The Integral is $$\displaystyle \int_C \frac{(ln z)^2}{z^2+1}$$

The problem mentions only that the contour C covers all singularities.

This is obviously $2\pi i $ times the sum of the residues at $\pm i$:

$$\frac{(log \, i)^2}{2i}+\frac{(log (- i))^2}{-2i}$$

Now $log\, z$ is a multivalued function. So naively it would seem that the integral should also depend on the choice of branch cut. For instance if we choose the principal branch with $arg z \in (-\pi,\pi] $ then the integral vanishes. But were we to choose $arg z \in [0,2\pi) $ we would get a non zero result.

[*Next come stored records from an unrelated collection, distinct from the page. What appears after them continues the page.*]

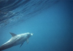 こうなってしまうと、もう人間では追いつけません。 この写真は水面とイルカのコントラストがきれいです。 これで正面からだったら、お気に入りの一枚だったのですが |
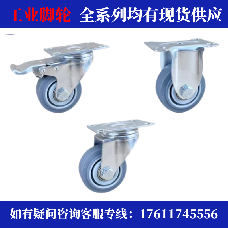 静音脚轮万向轮轮子刹车1寸1.5寸2寸3橡胶定向家具推车万象转向轮
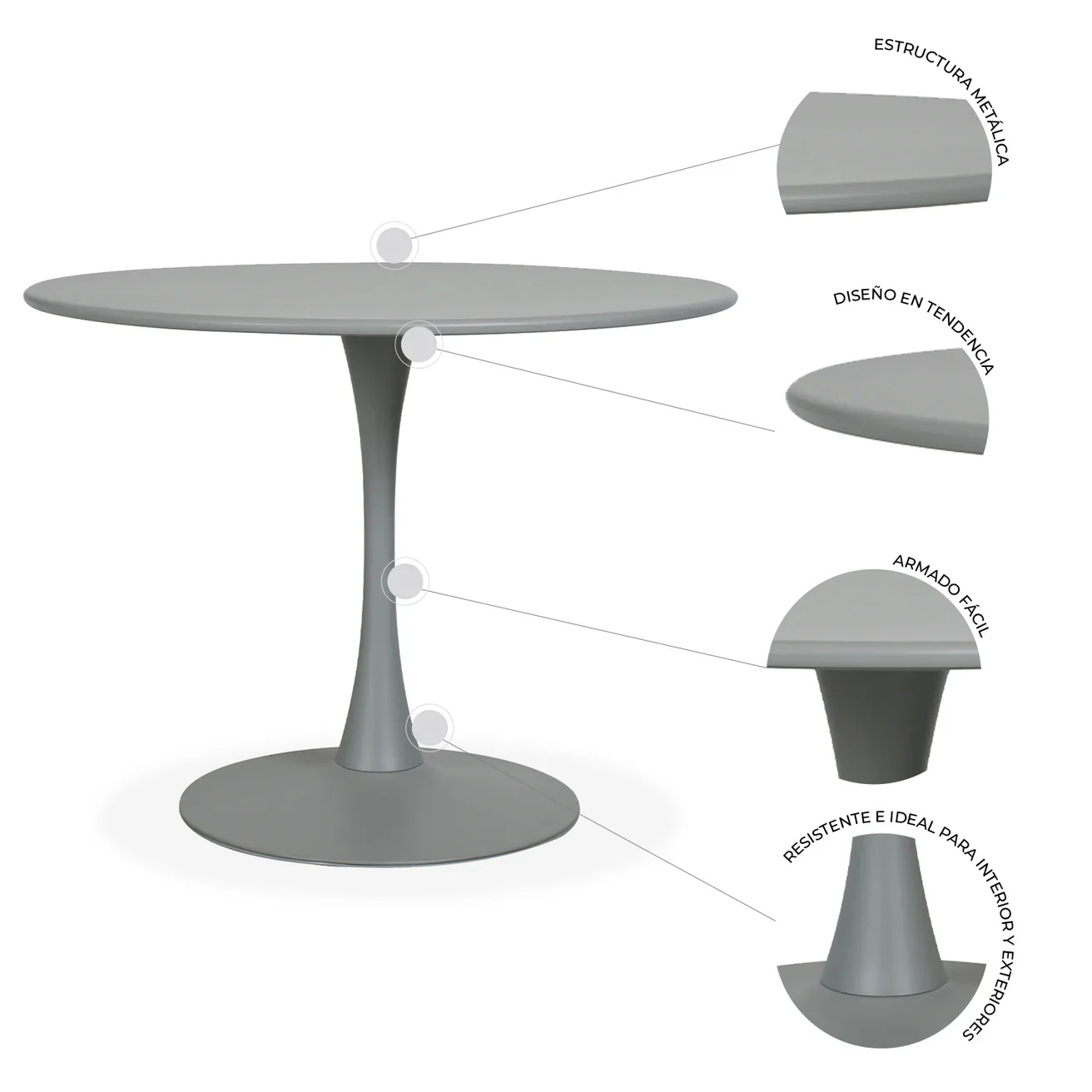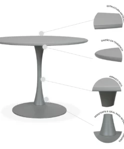 Mesa Vittoria 80Cm: Mesa de Comedor Fabricada en metal con pintura electrostática de color blanco y gris.
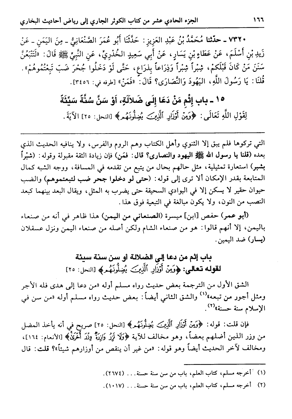 فإن قلت: قوله: {وَمِنْ أَوْزَارِ الَّذِينَ يُضِلُّونَهُمْ} [النحل: 25] صريح في أنه يأخذ المضل من وزر الذين أضلهم بعضًا، وهو مخالف للآية {وَلَا تَزِرُ وَازِرَةٌ وِزْرَ أُخْرَى} [الأنعام: 164] ومخالف لآخر الحديث أيضًا وهو قوله: "من غير أن ينقص من أوزارهم شيئًا" قلت: قال
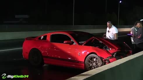 惋惜 Mustang Shelby GT500直线撞护栏
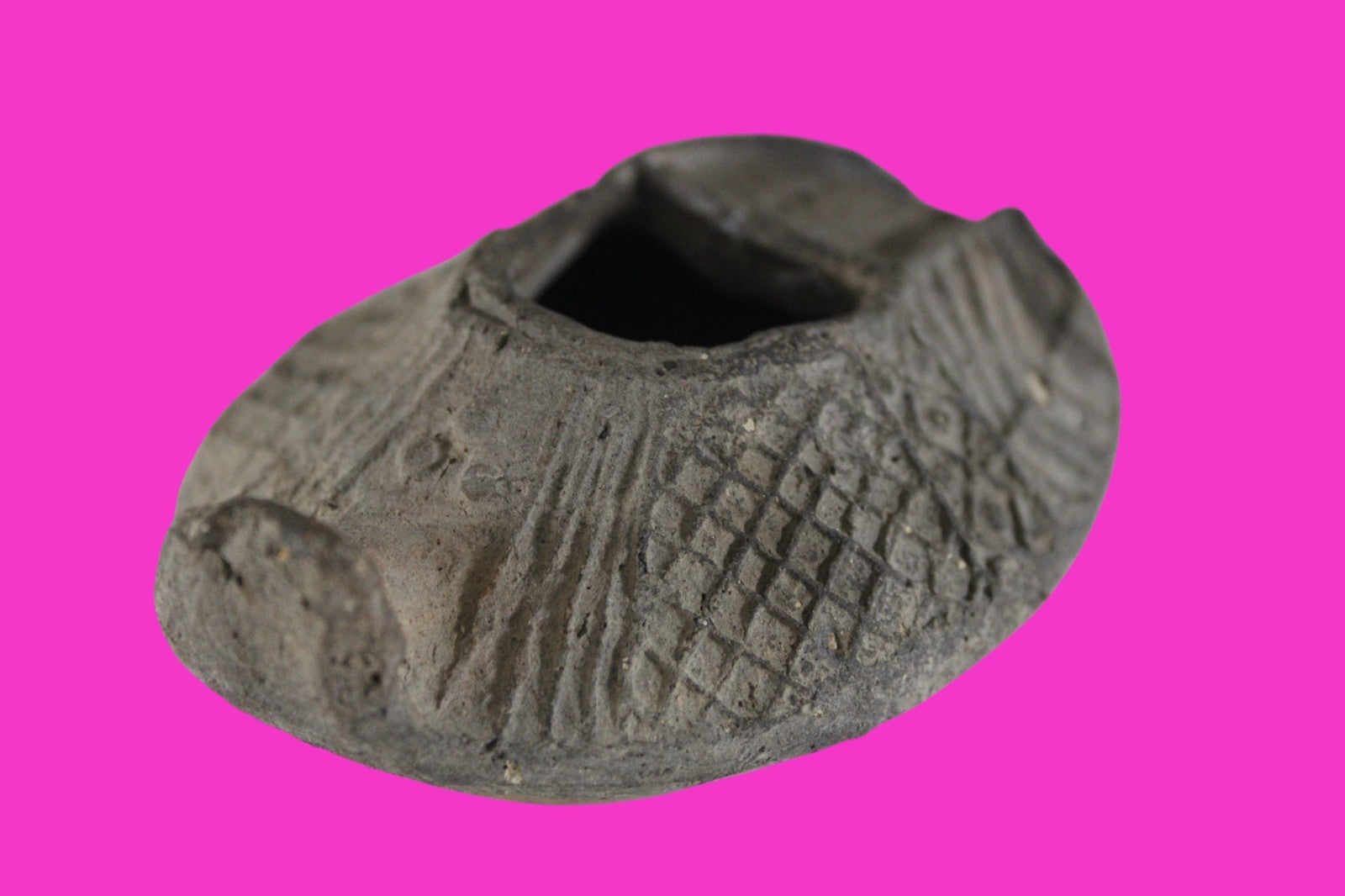 Dimensions: 3 ¾ inches long, 2 ½ inches wide, 1 ½ inches tall, weighs 78 grams. Provenance: Excavated in Judea in the late 1990’s. Ex Private Tel Aviv Collection. Acquired by the Hamadian Antiquities Gallery in The Old City of Jerusalem. Export to the United States approved by the Israeli Antiquities Authority in 2025. Acquired by The Artifact City Collection in September 2025. Description: Terracotta oil lamp made from a two-part mold. Oil from animal fat or olives were used with a wick to provide lighting. Oil lamps were mass produced in large quantities throughout the Holy Land and surrounding areas. Their use was significant in both Jewish and early Christian religious ceremonies. They were the equivalent of today’s “light bulbs”.
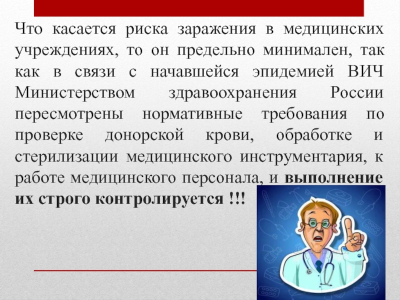 Слайд 11Что касается риска заражения в медицинских учреждениях, то он предельно минимален,
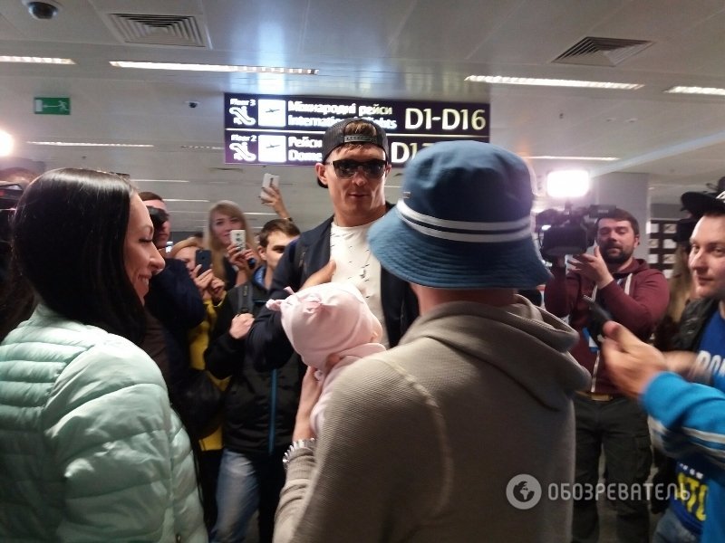 Відповівши на запитання преси, Олександр потрапив в обійми свого друга Дениса Берінчика, який приїхав зустрічати чемпіона з дружиною і маленькою дитиною.
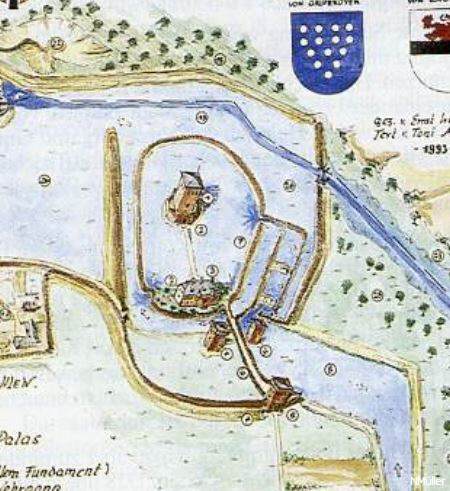 Die Verbindung von der Haupt- zur Vorburg erfolgte über eine Holzbrücke, zu der in der Vorburg eine fünf Meter breite Erdrampe von rund 20 Metern Länge führte. Eine solche Rampe kommt bei Motten selten vor. Neben anderen Hinweisen zeigt dies die Bedeutung des Adelssitzes, der schon um oder vor 1200 ein bedeutendes Machtzentrum gewesen sein dürfte. Untermauert wird diese Annahme durch archäologische Funde, wie Keramikscherben des 11./12. Jahrhunderts und einen gut erhaltenen graublauen Kugeltopf, die bei Ausschachtungsarbeiten im Burgbereich zutage kamen. Im Osten war die Anlage durch einen rund 50 Meter breiten und fünf Meter tiefen Wassergraben gesichert. Im Westen war nur ein Trockengraben von fünf Meter Breite vorhanden. Nachdem der Alsbach im 15. Jahrhundert in sein Bett zurück verlegt wurde, entstanden im Bereich der ehemaligen Wassergräben Hofgebäude. Zum Auffüllen der Gräben wurde wohl auch die Motte zum größten Teil abgegraben. (Markus Westphal)
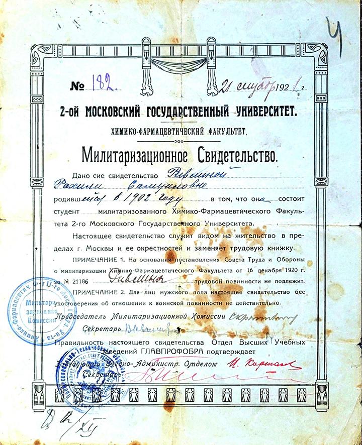 Оглядываясь на первые годы советской власти, обратим внимание на то, что Рахиль, 19-летняя студентка московского университета, в качестве документа получает Милитаризационное свидетельство — чёткий отзвук незаконченной гражданской войны. Косвенно погружение в документы семейного архива это ведёт к расширению знакомства с историей страны.
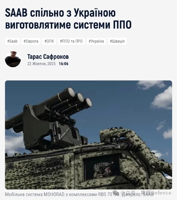 除此之外,乌克兰还将与瑞典萨博公司联合生产现代化近程机动防空系统。
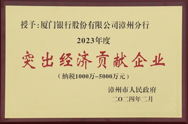 漳州分行再次獲評(píng)漳州市“突出經(jīng)濟(jì)貢獻(xiàn)企業(yè)”稱號(hào)
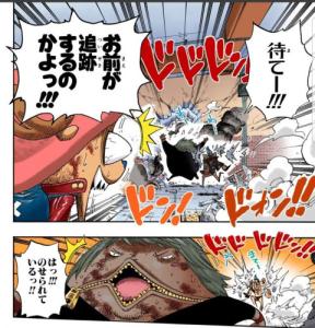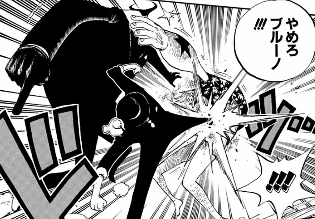 ・ルッチとジャブラの煽り合いを5年ぶりの再会じゃあねェかァ〜!と制止
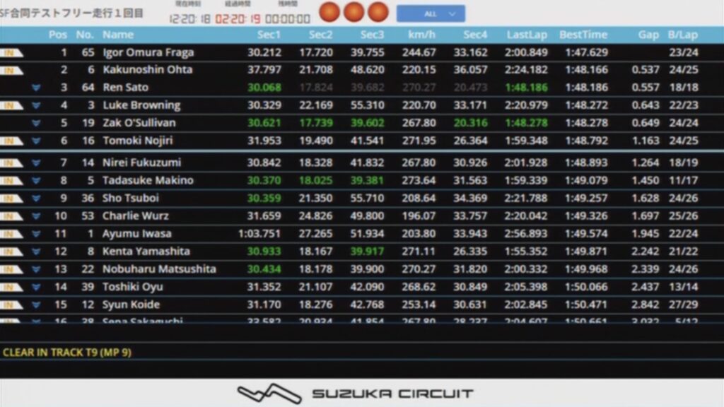 開始42分、野尻智紀 (MUGEN) が1.49.808で2番手、イゴール・オオムラ・フラガ (NAKAJIMA) が1:49.894で3番手に浮上。さらに開始45分、坪井翔 (TOM‘S) が1:49.763で2番手に浮上した。それでも、トップタイムの佐藤蓮 (NAKAJIMA) とは1.052秒の差がある。
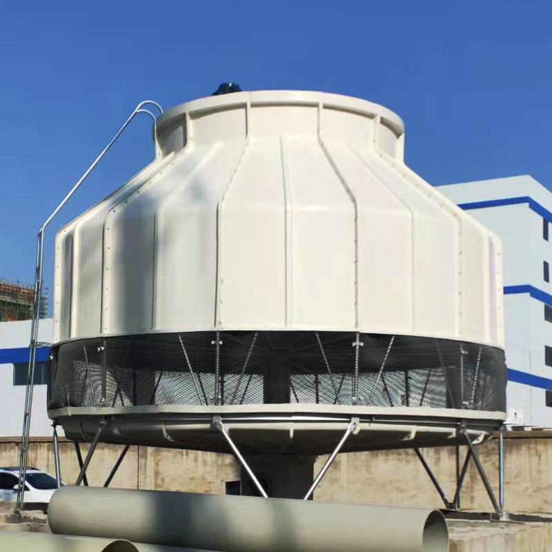 圓形逆流式冷卻塔采用逆流式氣熱交換技術實現降溫效果。冷卻塔采用防腐設計,無易損件,返修率極低,設計使用年限30年。主體采用玻璃鋼結構,塔體無易腐蝕件,鋼結構件采用國標材質,并熱鍍鋅防腐。填料采用全新的改性PVC材質制成,結構為斜折紋填料,以擴散淋水面積,通過旋轉式霧化布水方式,實現均勻布水,增強冷卻效果。

Is that correct? Is one of these choices more correct than the other?

Answer 1

Maybe this helps?

$\log(z)$ as a multivalued function on the domain $\mathbb{C}-0$:

• $\log(z) = \log|z| + i \arg(z)$

Hence

• For any $a \in \mathbb{R}$, on the subset of $\mathbb{C} - \{0\}$ where $z \, / \, |z| \ne \cos(a) + i \sin(a)$ there is an analytic and single valued branch of $\log(z)$ where $\arg(z)$ is chosen in the interval $a < \arg(z) < a + 2 \pi$. (the "branch cut" in this situation is just the ray defined by the equation $z \, / \, |z| = \cos(a) + i \sin(a)$.)

It works because if $z \, / \, |z| \ne \cos(a) + i \sin(a)$ then, for any choice of $\theta \in \arg(z)$, using the expression $\arg(z) = \{\theta + 2 n \pi \,\bigm|\, n \in \mathbb{Z}\}$, it follows that there exists a unique $n \in \mathbb{Z}$ such that $\theta + 2 n \pi \in (a,a+2\pi)$.